N'ai je donc rien appris de ce philosophe pour qui vivre est une souffrance. L'existence étant décrite par lui comme une suite de peines et de tourments. L'être se nourrit du vain désir de bonheur, bonheur inatteignable qui engendre souffrance et douleur, l'état naturel de l'homme selon ce bon Arthur.
Seul échappatoire : «détruire en nous, par tous les moyens, la Volonté de vivre» et s'évader du désir inassouvissable par l'anéantissement dans je ne sais quel nirvânâ d'inspiration bouddhique.
Au moins cette épreuve me fait reconnaître mon antipathie fondamentale, pour une pensée que je croyais, frivolement, goûter.

Comme un Spectre empoisonné
Par le creux de l’oreille
Le Diable m’a condamné
À subir sa scie nonpareille

Sans fin. Sans répit. Jour et nuit
Nuit et jour, siffle cette stridence
Aussi je cours aussi je danse
Comme un pantin ivre de bruit.


 À suivre...

4 commentaires:

Anonyme a dit…

Le réflexe stapidien "a fonctionné" , mais il a forcément toujours un retard (de trois centième de seconde pense-je?)...

Nocif

Anonyme a dit…

Mettez-vous en permanence un bouchon auditif dans l'oreille, cela atténuera les bruits devenus insupportables (vous savez, les petites choses en mousse qu'on trouve dans n'importe quel magasin de bricolage).

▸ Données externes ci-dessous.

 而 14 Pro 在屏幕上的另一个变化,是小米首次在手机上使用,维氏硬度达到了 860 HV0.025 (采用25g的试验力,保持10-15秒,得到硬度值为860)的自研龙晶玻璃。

Un ami d'enfance a eu le même problème. Je lui re-demanderai ce qu'il prenait. Il va bien aujourd'hui, mais il doit rester à distance des sons trop puissants, ce qui ne devrait pas vous poser de problème, si ça peut vous rassurer.

Sébastien

L'abbé Tymon de Quimonte a dit…

Sébastien ce dont vous parlez est
l'hyperacousie. Ce n'est pas mon cas. Je souffre d'un "acouphène"
sifflement constant, irrémédiable,
entendu tantôt dans l'oreille, le jour, tantôt dans la tête, la nuit.
Félix

Anonyme a dit…

Il m'attriste de vous savoir éprouvé... mais cette épreuve vous permet de mesurer d'autant mieux le fond votre sensationnelle conscience.
prenez cela comme une gratitude provisoire.